La nature comme médiatrice
Selon Yvan Nemo, « la nature est une excellente médiatrice qui permet de rendre les choses sereines. On se fait plaisir dans une relation, ce qui éloigne les enfants du consumérisme. Cela permet un projet éducatif différent. Le vivant permet de mettre de la distance. Travailler sur la nature permet de donner du sens ». On est dans le réel.
Alors que de nombreux enseignants craquent en zone difficile, l’équipe éducative est ici remarquablement stable. Eric, directeur de l’école maternelle depuis quinze ans, avait d’abord enseigné dans d’autres banlieues difficiles ; il a trouvé ici une ambiance sans pareille. Une ancienne mère d’élève, devenue enseignante, est là depuis vingt ans. L’école est la fierté du quartier.

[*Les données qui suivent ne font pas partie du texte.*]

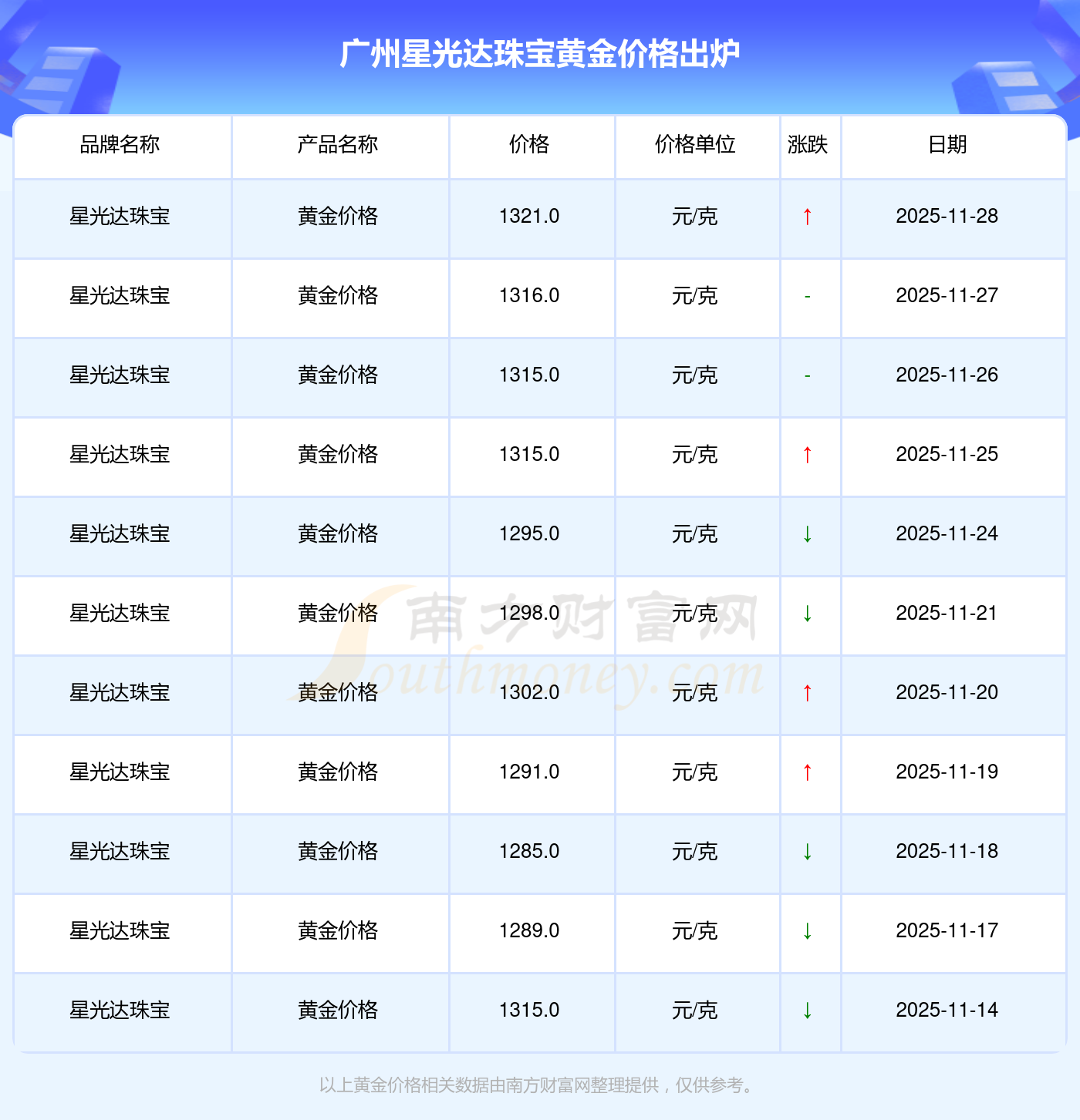 (2025年11月29日)今日廣州星光達珠寶黃金價格是1321.0元/克。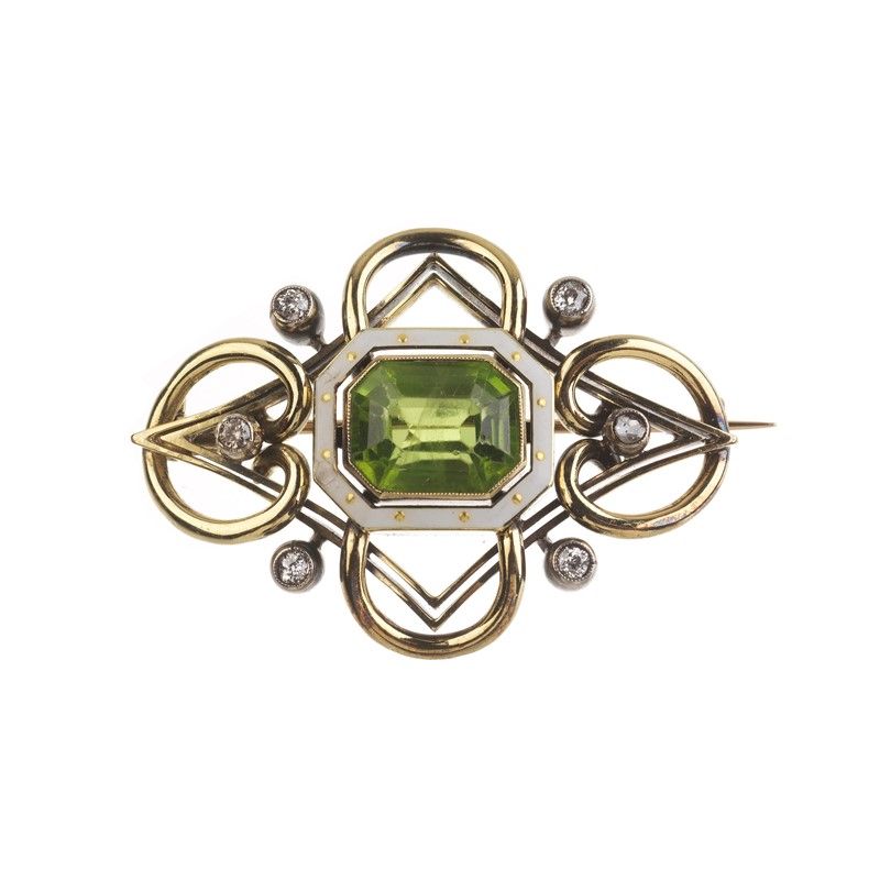 in oro e argento, impreziosita al centro da una pasta vitrea verde sfaccettata e diamanti taglio vecchio per ct 0.60 circa, dim. cm 5x3,5, gr. 21

Et s’il y a une communauté, c’est celle qui s’est construite autour de l’école.
Pour Yvan Nemo, dans le contexte actuel, « il n’y a pas de choc des cultures, mais chocs des incultures ». Les écoles de nos quartiers peuvent être à la base d’un changement qui rayonne ensuite chez les plus grands.
Michel Bernard
• Ecole élémentaire Bel-Air, 1, rue du Bel-Air, 77200 Torcy, tél : 01 60 05 56 00.
• Ecole maternelle Bel-Air, 3, rue du Perrier, 77200 Torcy, tél : 01 60 05 50 00.
(1) Les représentants des parents d’élèves dénoncent la possibilité pour des parents, généralement plus aisés, de placer leurs enfants dans une école d’un quartier plus chic.
(2) Il y a eu sept arrestations en octobre 2012.
(3) L’arrivée de la ferme n’a été possible qu’avec la participation de la maison des jeunes et de la culture (MJC) voisine, qui assure le suivi des animaux le mercredi après-midi et pendant les congés scolaires. Chaque année, en août, quand la MJC ferme pendant une quinzaine de jours, enseignants et parents s’organisent pour assurer la garde.
Yvan Nemo, issu d’un milieu aisé, a fréquenté des écoles alternatives quand il était enfant. Il s’en est inspiré, notamment en reprenant des méthodes d’ateliers de la pédagogie Montessori, mais en évitant le travail trop individuel de ces écoles. Dans les écoles alternatives, les enseignants sont cooptés, ce qui créé un environnement souvent artificiel. Ici, ils arrivent au hasard, au gré des mutations de l’Education nationale.